Caramba, otimo post (pra variar... sempre leio e nunca comento...) e otima discussão.

Claro que o problema do Chavez talvez seja o fato de que ele consulta o povo... "sabe como são esses governos POPULISTAS", diria a classe merdia... (como se clinton e outros não o fossem... http://video.google.com/videoplay?docid=1122532358497501036 )

Fica a indagação da definição de ditador... porque um cara que desburocratiza seu Estado e permite que os cidadãos decidam as medidas que o Estado deve tomar em seus respectivos bairros não me parece caber na definição...

Raphael Tsavkko Garcia disse...

Carlos, excelente análise, prolixa, mas muito boa, haha! Deverias ter um blog!=)

Doo, meu querido e sumido amigo, quando vamos ver seu filme?=)

Pelo menos você lê, já é um começo, hehe!

MAs é bem verdade, o termo "populista" é usado sempre e somente para Chavez e aliados porque consultam o povo e fazem o que o povo quer. Não lembro quem disse, foi algum bom intelectual, que comentou que se populismo significa levar em conta os anseios do povo, ser popular e fazer o possível e impossível para o bem estar do povo, então o populismo é inerentemente bom eeu sou populista.

É bem por aí, os liberais, capitalista,s neoliberais, enfim, toda a corja, não aceitam que as decisões escapem do pequeno grupinho de líderes escolhidos pelo deus do capital e que o povo dê as cartas. Vira coisa do demo!

Chavez, de ditador não tem nada, não dá um passo sem consultar o povo. Comete erros? Vários, é humano. Mas Ditador? Se ele é o Uribe é dos piores porque nem consultar o povo ele consultou.

Carlos disse...

hehe valeu, acabei me extendendo sem querer. O post foi bom o bastante para inspirar :)

"Não lembro quem disse, foi algum bom intelectual"

Não sei se foi, mas Chomsky diz isso bastante. Vale também nesse mesmo bonde cutucar a concepção da classe-média/alta neoliberal de que tamanha participação só pode ser de uma turba esquentada irracional, que tamanha dedicação e empenho é fascistóide etc - o povo só devia andar "naturalmente" na pequena linha do setor privado/consumista e ponto (aperta um dos quatro botões que os de cima oferece a cada x anos, ou coca ou pepsi, assiste a discussão permitida pela elite, e ponto final).
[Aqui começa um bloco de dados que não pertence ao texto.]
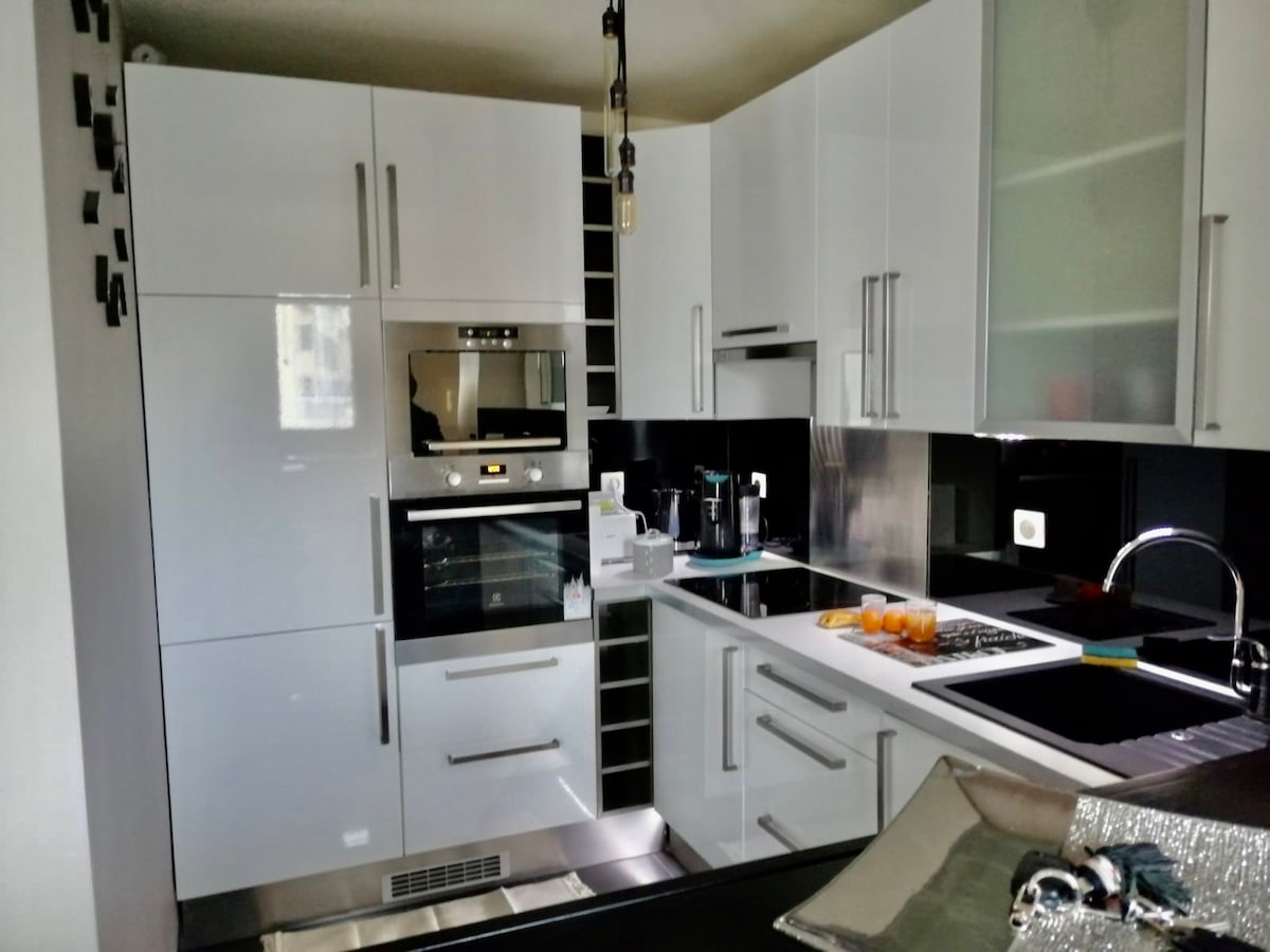 Una decoración de estilo escandinavo depurado . Suministro de un retroproyector y una pantalla grande. El apartamento está en una zona tranquila y silenciosa, con vistas a la antigua plaza de la ciudad con algunas tiendas al pie del edificio (panadería,banco , farmacia , sándwich pizza tienda de comestibles ,floristería ,peluquería, etc.) Centro comercial Carrefour a 1 km, muy cerca. Edificio con televisión vigilancia en la entrada Apertura a distancia

Qualquer participação além de ser espectador (que geralmente vem como produto e reação a exclusão neoliberal), é uma mob, populismo, turbas irracionais de povaréu ignorante que não sabe o que é melhor para eles.

Raphael Tsavkko Garcia disse...

Haha, fique à contade, Carlos!

O engraçado é que quando esta "turba irracional" vota na direita, eles ñ vêem problema algum nisso. Só é problema quando perdem! Aí são irracionais, radicais e etc.

Quando a Esquerda vence no jogo da direita, esperneiam.